More women sue Texas to block abortion law
WASHINGTON — One woman had to carry her unborn child, missing much of her skull, for months knowing she’d bury her daughter soon after she was born. Another started mirroring the life-threatening symptoms that her fetus was displaying while in the womb. An OBGYN found herself secretly traveling out of state to abort her wanted pregnancy, marred by the diagnosis of a fatal fetal anomaly.
All of the women were told they could not end their pregnancies in Texas, a state that has enacted some of the nation’s most restrictive abortion laws.
Now, they’re asking a Texas court to put an emergency hold on some abortion restrictions, joining a lawsuit filed earlier this year by five other women who were denied abortions in the state, despite pregnancies they say endangered their health or lives.
More than a dozen Texas women in total have joined the Center for Reproductive Rights’ lawsuit against the state’s law, which prohibits abortions unless a woman’s life is at risk — an exception that is not clearly defined. Texas doctors who perform abortions risk life in prison and fines up to $100,000, leaving many women with providers who are unwilling to even discuss terminating a pregnancy.
“Our hope is that it will allow physicians at least a little more comfort when it comes to patients in obstetrical emergencies who really need an abortion where it’s going to affect their health, fertility or life going forward,” Molly Duane, the lead attorney on the case, told the Associated Press. “Almost all of the plaintiffs in the lawsuit tell similar stories about their doctors saying, ‘If not for this law, I’d give you an abortion right now.’ ”
The Texas attorney general’s office, which is defending the state in the lawsuit, did not immediately return an email seeking comment.
The lawsuit serves as a nationwide model for abortion rights advocates to challenge strict new laws that states have rolled out since the Supreme Court overturned Roe vs. Wade last year.
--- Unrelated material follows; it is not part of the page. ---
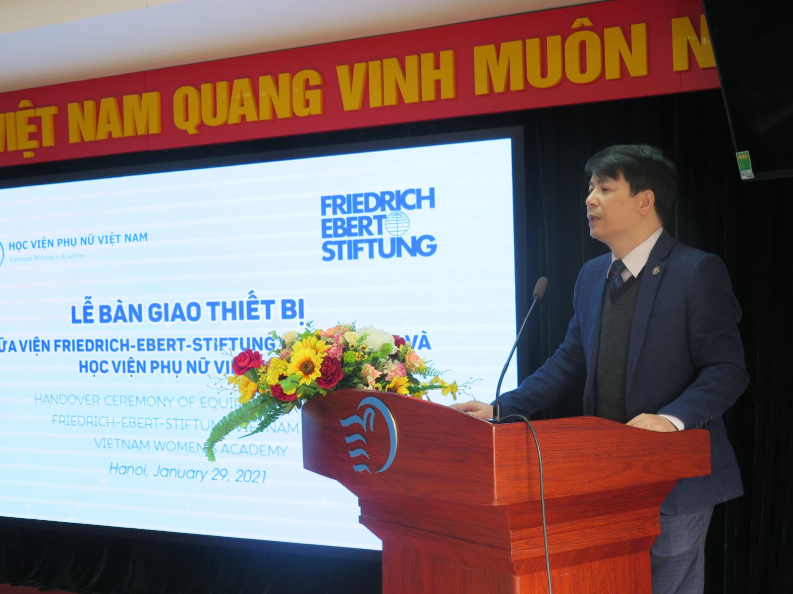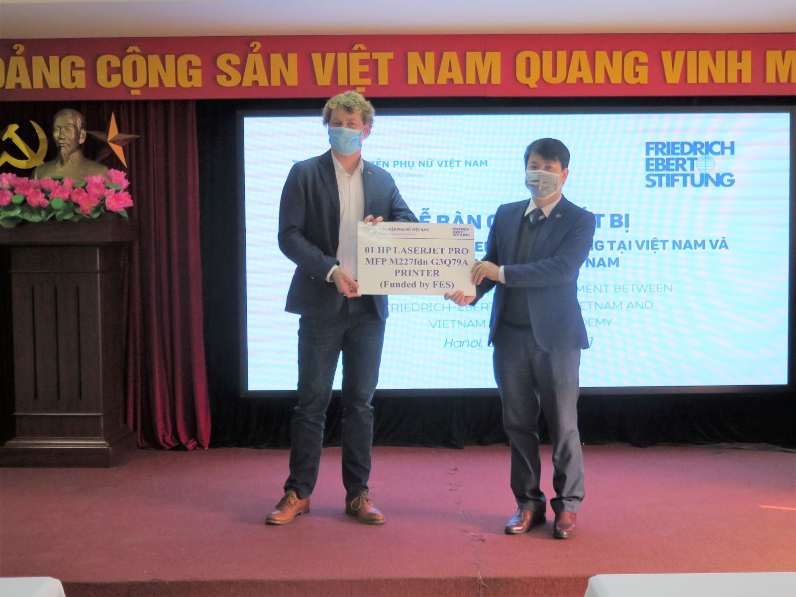 Năm 2019, Học viện Phụ nữ Việt Nam và Viện FES đã ký kết thỏa thuận hợp tác về tổ chức hội thảo, chuyên đề khoa học; hỗ trợ kỹ thuật, trang thiết bị phục vụ học tập và nghiên cứu khoa học; trao đổi chuyên gia, học giả, tiếp nhận sinh viên thực tập; hỗ trợ kết nối hợp tác với các trường Đại học, Viện nghiên cứu của Đức; kết nối chuyên gia chia sẻ về học thuật…Sau 2 năm Học viện và Viện Fes đã phối hợp tổ chức nhiều hoạt động phục vụ công tác chuyên môn của Học viện. Đặc biệt, đây là lần thứ 2 Viện Fes tiếp tục tài trợ trang thiết bị phục vụ công tác giảng dạy, nghiên cứu của Học viện.

Sixteen states, including Texas, do not allow abortions when a fatal fetal anomaly is detected, and six do not allow exceptions for the woman’s health, according to an analysis by KFF, a health research organization.
Duane said the Center for Reproductive Rights is looking at filing similar lawsuits in other states, noting that they’ve heard from women across the country.
Women in the lawsuit say they could not openly discuss abortion or labor induction with their doctors, instead asking their doctors discreetly if they should travel outside of the state.
Dr. Austin Dennard, an OB-GYN in Dallas, never talked about her own abortion with her doctors after they discovered anencephaly on the fetus’ ultrasound during her pregnancy last year. She worried her out-ofstate trip to end the pregnancy could jeopardize her medical license or invite harassment. Dennard was inspired to go public with her case when one of her own patients joined the original lawsuit filed in March after traveling to Colorado to abort a twin fetus diagnosed with a life-threatening genetic disorder.
“There was an enormous amount of fear that I experienced afterward,” Dennard said. “It’s an additional way of feeling silenced. You feel you have to do it in secret and not tell anyone about it.”